What the exercise asks> Starting from the line with "This sandstone coaster" and going up to and including the line with "Консольно-моноблочний насос NB", copy the listing below exactly. Leave all images out.
= = =
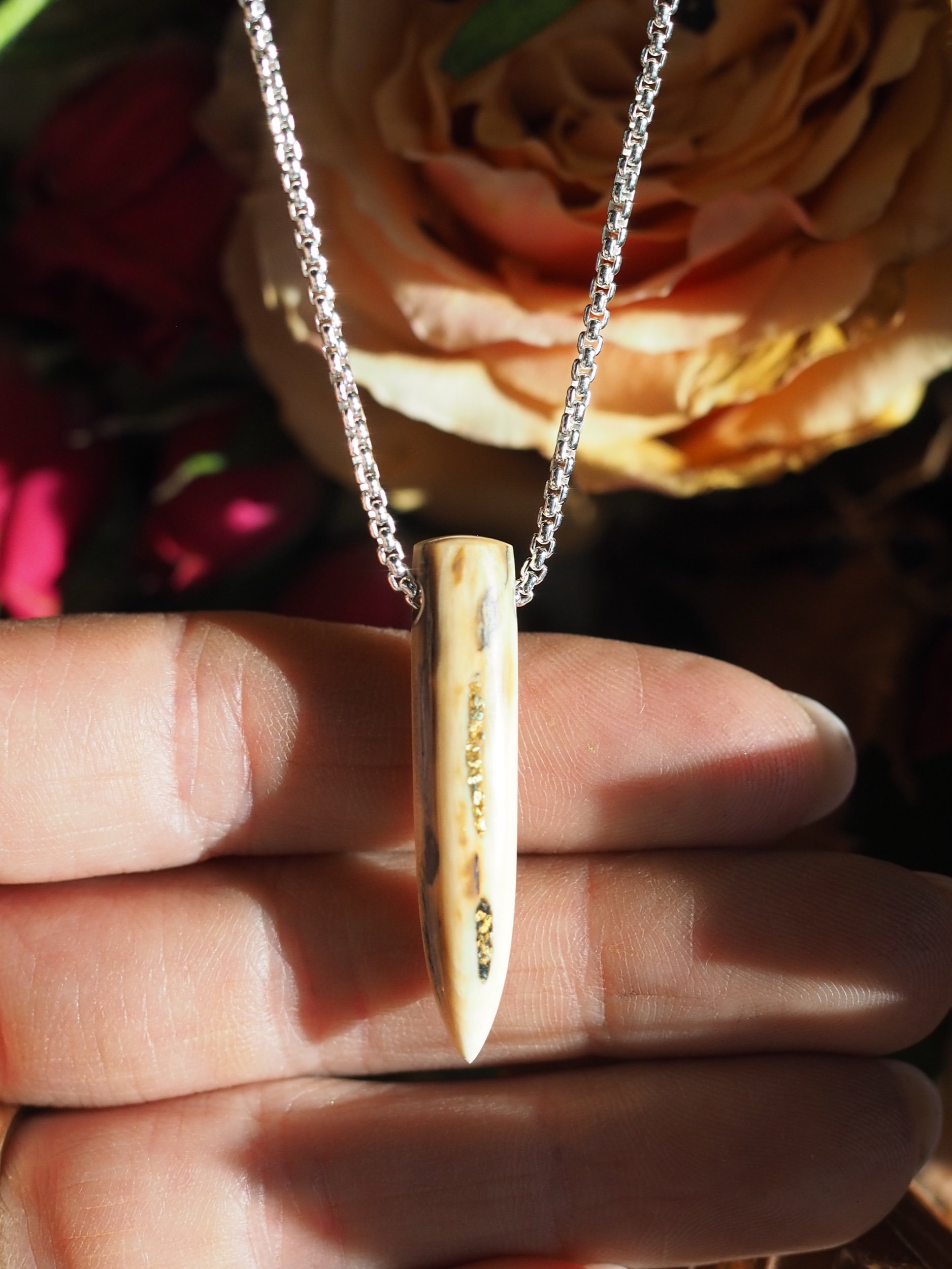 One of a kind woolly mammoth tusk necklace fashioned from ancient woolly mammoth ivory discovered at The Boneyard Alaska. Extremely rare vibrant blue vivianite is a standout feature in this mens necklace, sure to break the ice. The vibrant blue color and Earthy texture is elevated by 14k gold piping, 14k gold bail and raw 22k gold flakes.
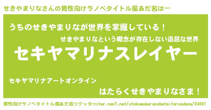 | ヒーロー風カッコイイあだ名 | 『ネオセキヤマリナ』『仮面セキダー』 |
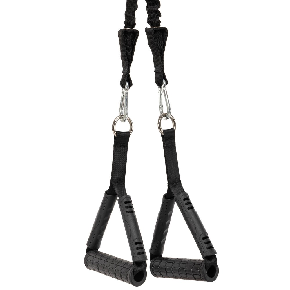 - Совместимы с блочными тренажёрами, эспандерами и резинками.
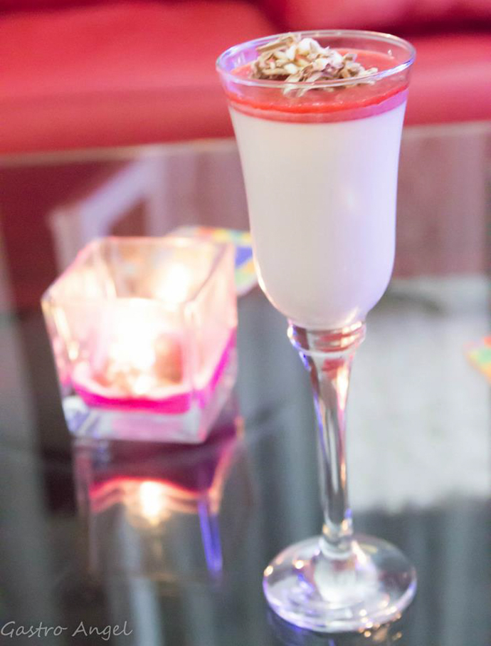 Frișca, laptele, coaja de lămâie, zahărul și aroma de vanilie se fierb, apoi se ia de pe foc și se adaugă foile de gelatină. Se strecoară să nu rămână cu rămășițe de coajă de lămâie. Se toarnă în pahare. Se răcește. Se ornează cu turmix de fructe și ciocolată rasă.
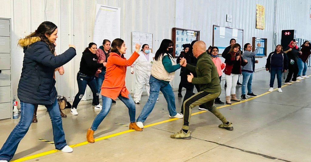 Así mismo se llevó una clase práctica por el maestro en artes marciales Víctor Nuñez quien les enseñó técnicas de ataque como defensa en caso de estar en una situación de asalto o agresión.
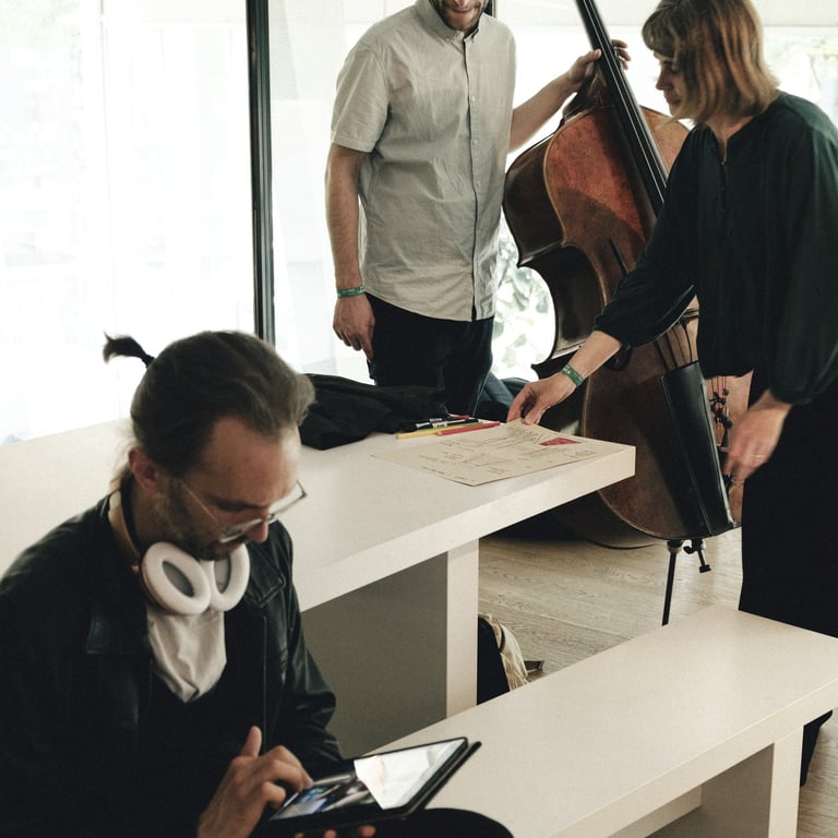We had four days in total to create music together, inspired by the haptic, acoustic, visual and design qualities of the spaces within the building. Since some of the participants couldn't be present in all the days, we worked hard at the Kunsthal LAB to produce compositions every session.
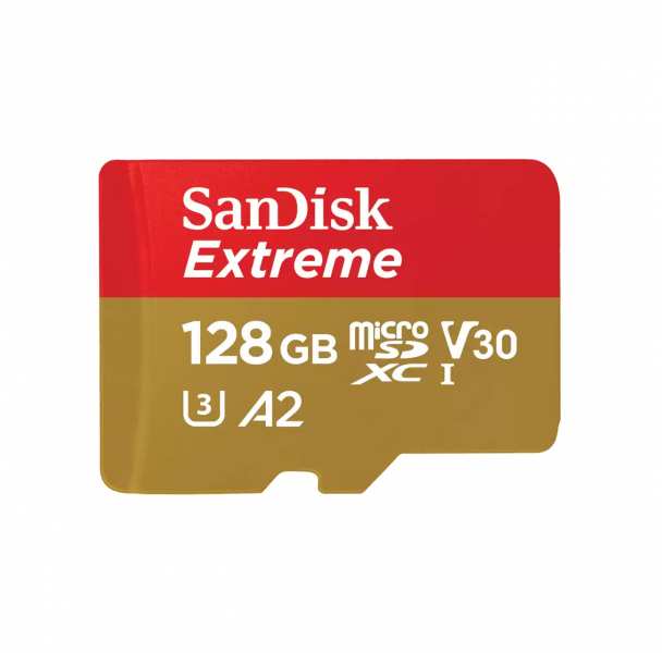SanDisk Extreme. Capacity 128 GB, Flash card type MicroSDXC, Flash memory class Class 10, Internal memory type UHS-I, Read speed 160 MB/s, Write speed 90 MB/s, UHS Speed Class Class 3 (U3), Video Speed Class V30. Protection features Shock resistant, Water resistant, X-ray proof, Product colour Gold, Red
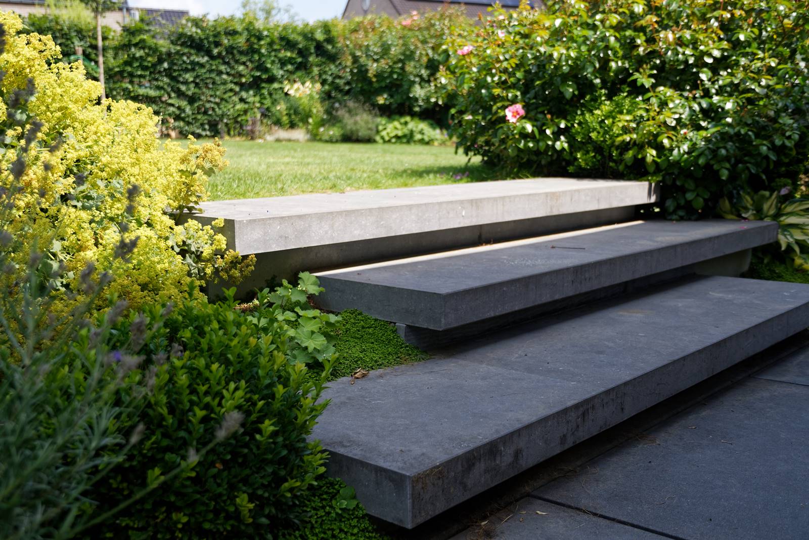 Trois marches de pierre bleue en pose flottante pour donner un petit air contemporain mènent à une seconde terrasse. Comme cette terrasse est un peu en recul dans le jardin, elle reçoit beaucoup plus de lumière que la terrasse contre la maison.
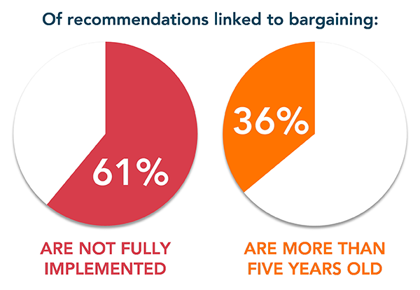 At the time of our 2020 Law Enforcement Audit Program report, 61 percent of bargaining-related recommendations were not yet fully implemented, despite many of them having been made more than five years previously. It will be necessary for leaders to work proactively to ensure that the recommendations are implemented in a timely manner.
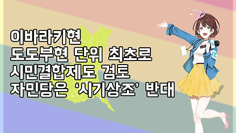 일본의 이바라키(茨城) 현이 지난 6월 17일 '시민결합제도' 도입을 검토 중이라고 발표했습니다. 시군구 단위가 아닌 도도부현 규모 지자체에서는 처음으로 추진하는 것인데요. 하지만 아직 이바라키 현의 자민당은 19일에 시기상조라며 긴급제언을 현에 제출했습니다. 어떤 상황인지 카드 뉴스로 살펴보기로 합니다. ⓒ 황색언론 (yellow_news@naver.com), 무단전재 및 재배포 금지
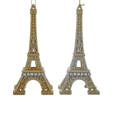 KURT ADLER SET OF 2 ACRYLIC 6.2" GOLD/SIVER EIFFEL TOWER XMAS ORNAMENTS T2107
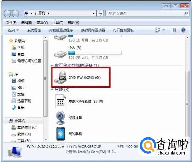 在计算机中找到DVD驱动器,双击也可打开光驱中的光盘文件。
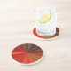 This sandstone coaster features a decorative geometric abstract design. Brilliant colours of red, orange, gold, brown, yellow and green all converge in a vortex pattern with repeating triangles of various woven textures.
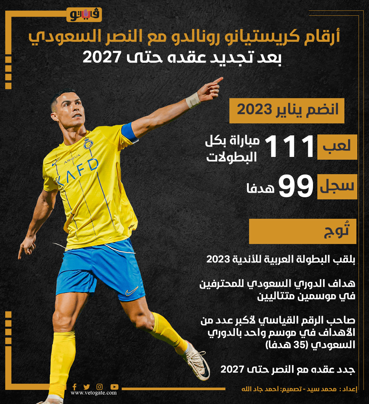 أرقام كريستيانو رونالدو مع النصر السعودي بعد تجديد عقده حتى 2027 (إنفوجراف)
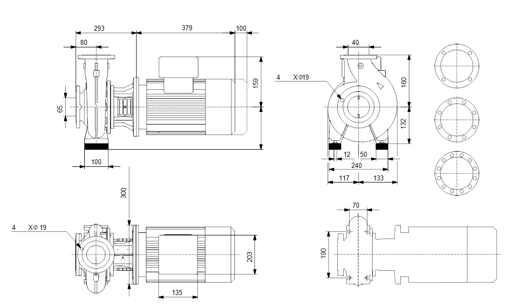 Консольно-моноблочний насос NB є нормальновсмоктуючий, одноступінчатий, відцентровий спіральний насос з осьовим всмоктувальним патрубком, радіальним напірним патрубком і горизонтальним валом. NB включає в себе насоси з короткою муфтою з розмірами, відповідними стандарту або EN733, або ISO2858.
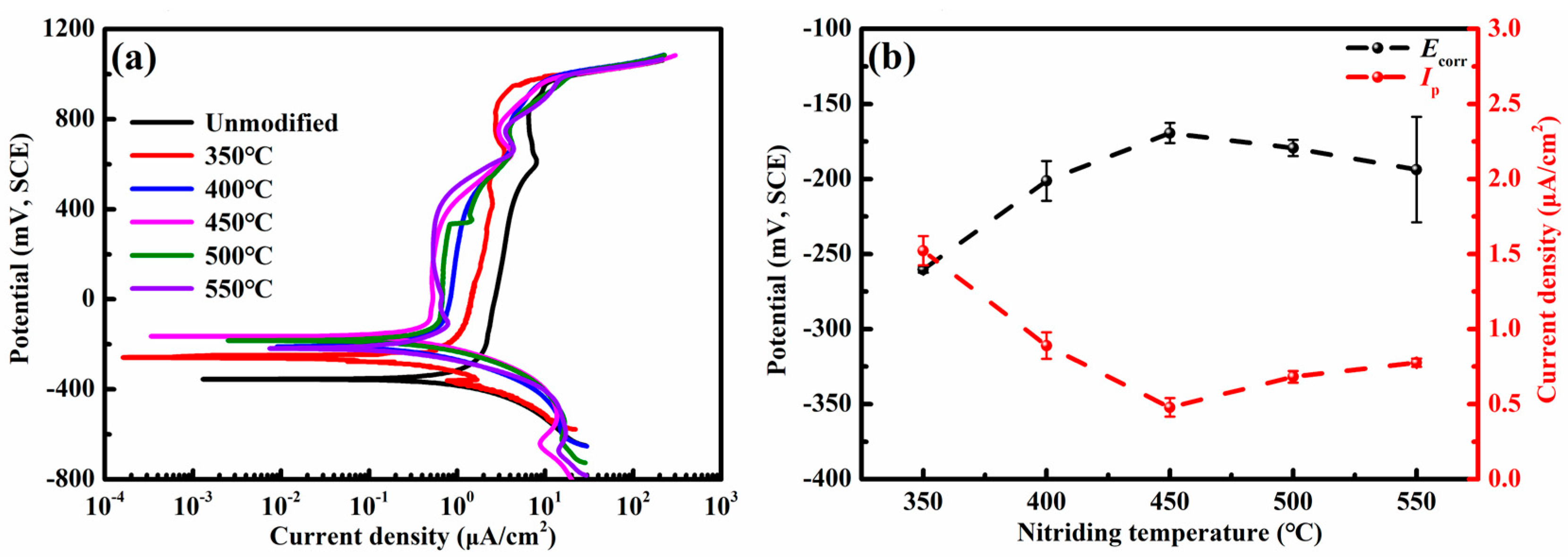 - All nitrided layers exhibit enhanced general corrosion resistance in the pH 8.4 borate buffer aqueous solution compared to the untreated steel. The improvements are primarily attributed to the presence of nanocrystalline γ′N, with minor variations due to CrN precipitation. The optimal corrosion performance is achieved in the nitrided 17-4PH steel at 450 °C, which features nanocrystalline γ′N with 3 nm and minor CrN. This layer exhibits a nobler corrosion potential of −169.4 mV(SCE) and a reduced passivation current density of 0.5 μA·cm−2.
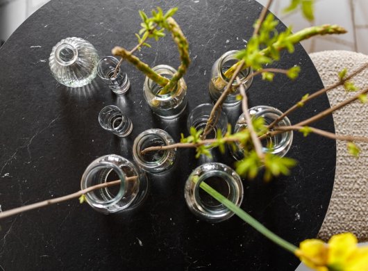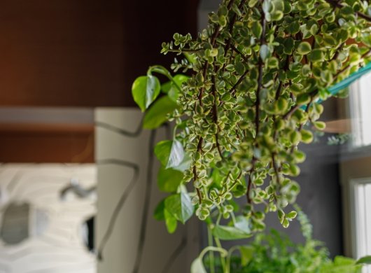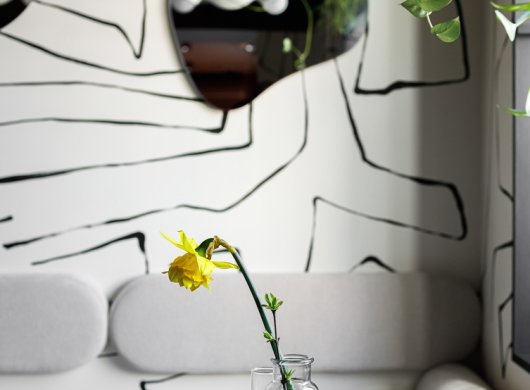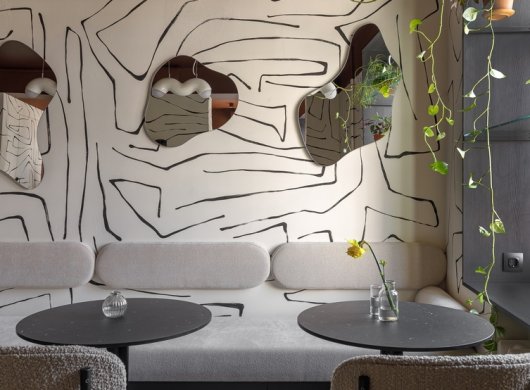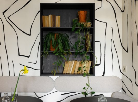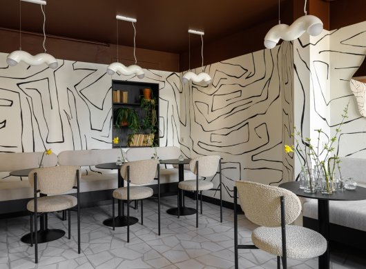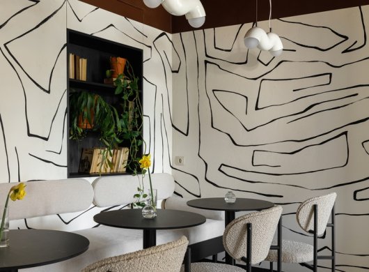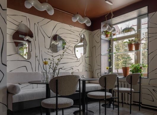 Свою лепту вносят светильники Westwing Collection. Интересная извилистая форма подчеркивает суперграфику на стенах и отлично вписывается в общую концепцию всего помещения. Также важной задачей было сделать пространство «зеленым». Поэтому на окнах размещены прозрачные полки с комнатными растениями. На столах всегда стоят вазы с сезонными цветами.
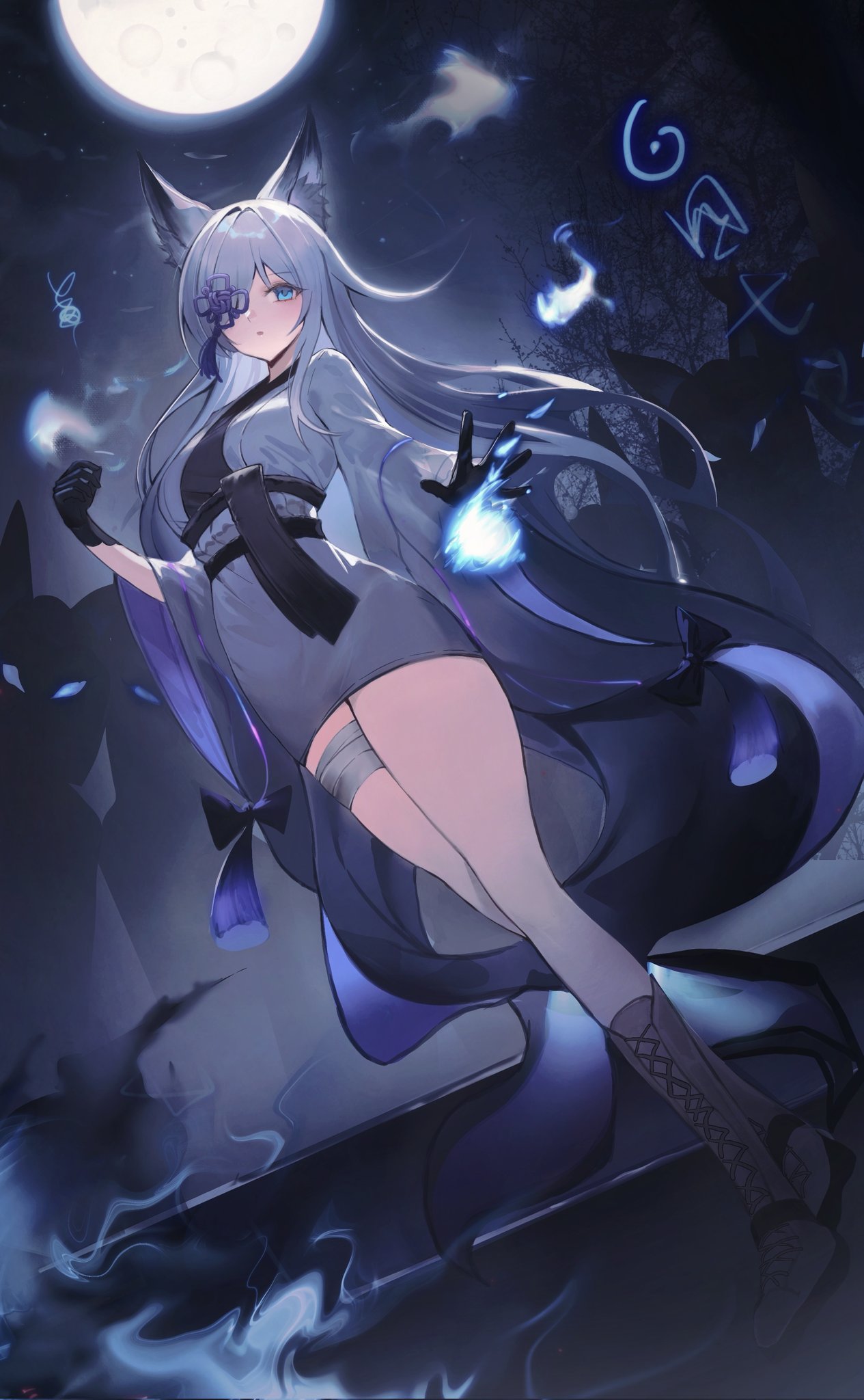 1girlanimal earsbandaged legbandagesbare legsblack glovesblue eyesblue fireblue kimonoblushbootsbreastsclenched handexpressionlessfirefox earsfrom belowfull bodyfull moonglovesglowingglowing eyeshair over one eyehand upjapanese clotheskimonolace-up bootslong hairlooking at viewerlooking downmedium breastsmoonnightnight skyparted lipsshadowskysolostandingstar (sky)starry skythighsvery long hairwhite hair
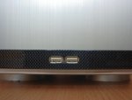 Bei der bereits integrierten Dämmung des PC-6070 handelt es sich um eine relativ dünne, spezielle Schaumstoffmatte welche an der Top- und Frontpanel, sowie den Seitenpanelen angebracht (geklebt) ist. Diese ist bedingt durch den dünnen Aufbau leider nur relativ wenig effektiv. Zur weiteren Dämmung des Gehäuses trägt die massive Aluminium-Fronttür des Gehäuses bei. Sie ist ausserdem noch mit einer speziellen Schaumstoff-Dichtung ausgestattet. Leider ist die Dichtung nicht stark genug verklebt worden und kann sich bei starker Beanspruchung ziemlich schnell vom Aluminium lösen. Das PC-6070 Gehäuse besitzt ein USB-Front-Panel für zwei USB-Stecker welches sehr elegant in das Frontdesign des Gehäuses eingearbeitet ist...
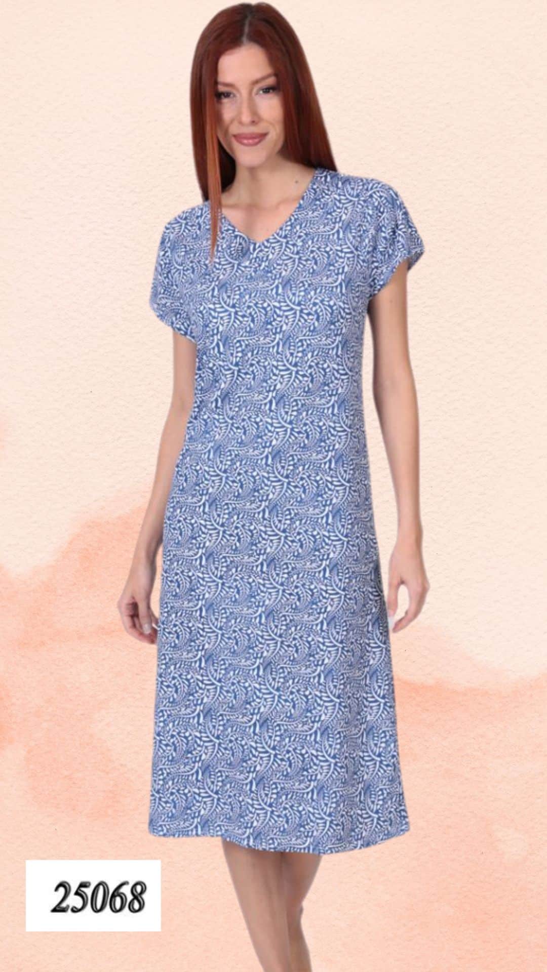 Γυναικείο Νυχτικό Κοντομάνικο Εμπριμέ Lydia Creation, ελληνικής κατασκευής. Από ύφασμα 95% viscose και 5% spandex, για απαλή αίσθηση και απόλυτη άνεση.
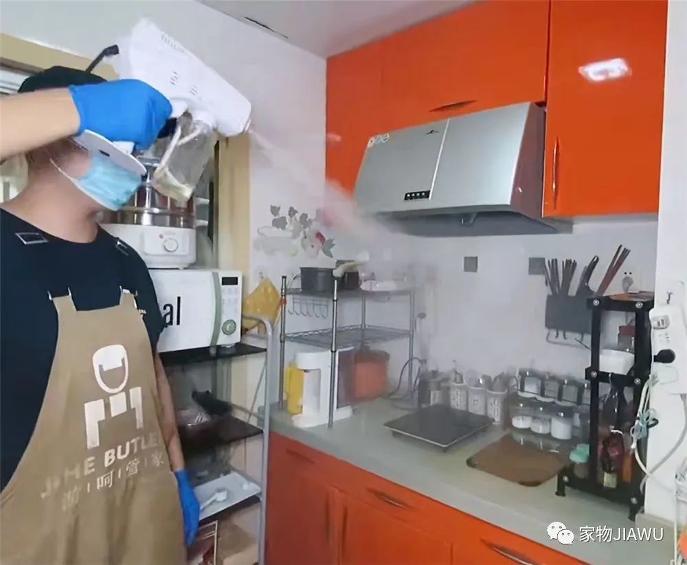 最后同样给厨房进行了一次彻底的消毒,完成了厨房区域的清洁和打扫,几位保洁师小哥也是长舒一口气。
= = =
Solution to this exercise>
 This sandstone coaster features a decorative geometric abstract design. Brilliant colours of red, orange, gold, brown, yellow and green all converge in a vortex pattern with repeating triangles of various woven textures.
 أرقام كريستيانو رونالدو مع النصر السعودي بعد تجديد عقده حتى 2027 (إنفوجراف)
 Консольно-моноблочний насос NB є нормальновсмоктуючий, одноступінчатий, відцентровий спіральний насос з осьовим всмоктувальним патрубком, радіальним напірним патрубком і горизонтальним валом. NB включає в себе насоси з короткою муфтою з розмірами, відповідними стандарту або EN733, або ISO2858.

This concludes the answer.